Speaker of the Maryland House of Delegates
- In office 1834
- Preceded by: Thomas Wright III
- Succeeded by: Benjamin L. Gantt
- In office 1847
- Preceded by: John P. Kennedy
- Succeeded by: John Rankin Franklin

Member of the Maryland House of Delegates
- In office 1827–1834
- In office 1847

Personal details
- Born: Port Tobacco Village, Maryland, U.S.
- Died: January 28, 1882 (aged 78) Baltimore, Maryland, U.S.
- Education: Politician; lawyer;

= William J. Blakistone =

American politician and lawyer (died 1882)

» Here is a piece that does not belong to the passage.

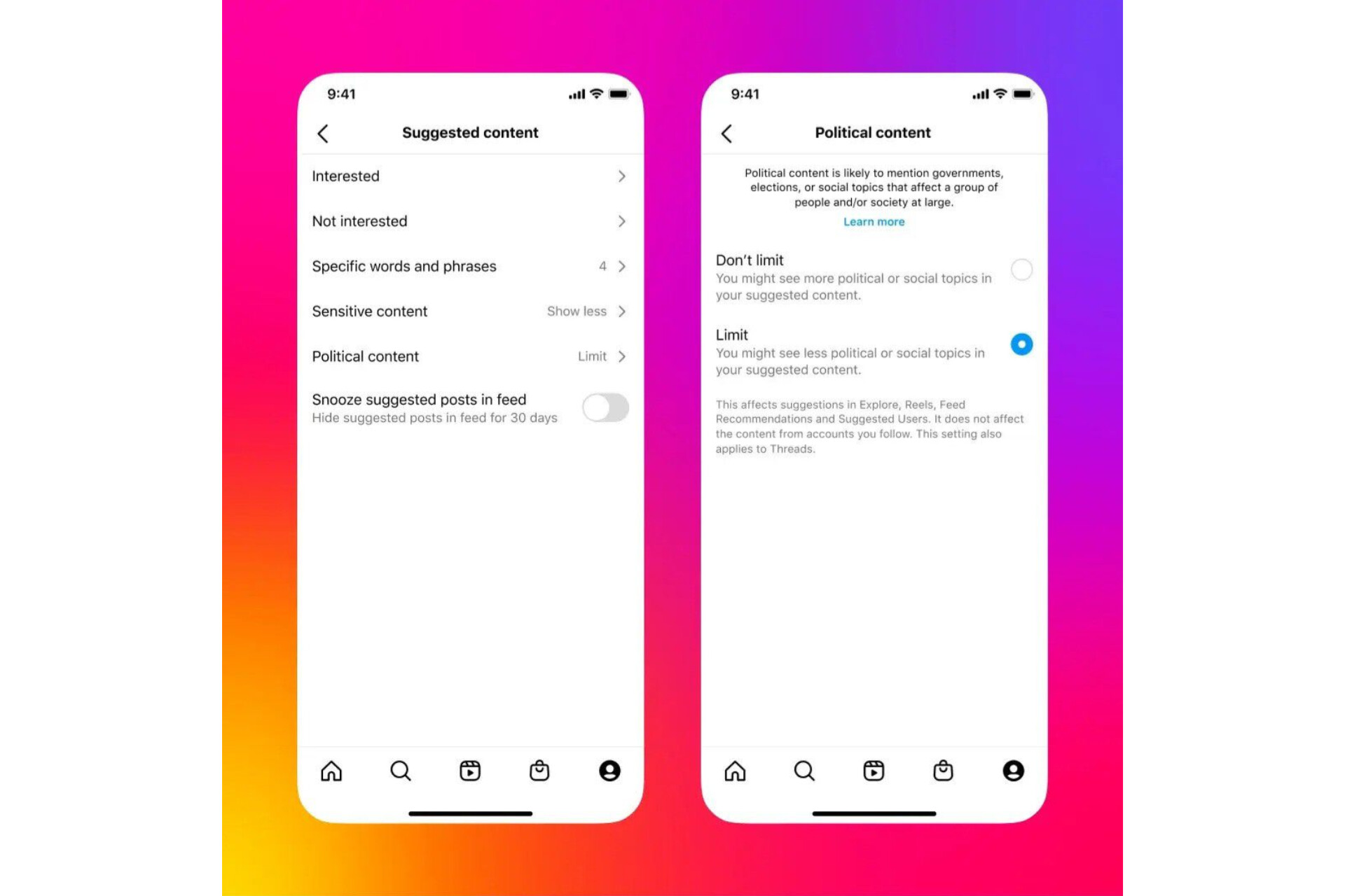 Bagi mereka yang masih ingin mendapatkan informasi mengenai isu-isu pemerintahan, pemilu, atau sosial, pilihannya tetap terbuka. Pengguna dapat mengubah pengaturannya agar pintu ini tetap terbuka, hanya memengaruhi konten dari akun publik di bagian yang direkomendasikan seperti Jelajahi dan Reel.

William J. Blakistone (died January 28, 1882) was an American politician and lawyer. He served as a member of the Maryland House of Delegates from 1827 to 1834 and in 1847. He served as the Speaker of the Maryland House of Delegates in 1834 and 1837.

==Early life==
William J. Blakistone was born near Port Tobacco Village, Maryland, in Charles County, Maryland, to Colonel Thomas Blakistone. His father was a lawyer. At the age of twenty, Blakistone was admitted to the bar in Leonardtown, Maryland.

==Career==
Blakistone served as a member of the Maryland House of Delegates, representing St. Mary's County, from 1827 to 1834 and in 1847. He served as Speaker of the Maryland House of Delegates in 1834 and 1847. In 1832, he served as speaker pro tempore. He served in the constitutional convention of 1850–1851.

==Personal life==
Blakistone died on January 28, 1882, in Baltimore. He was 78 years old.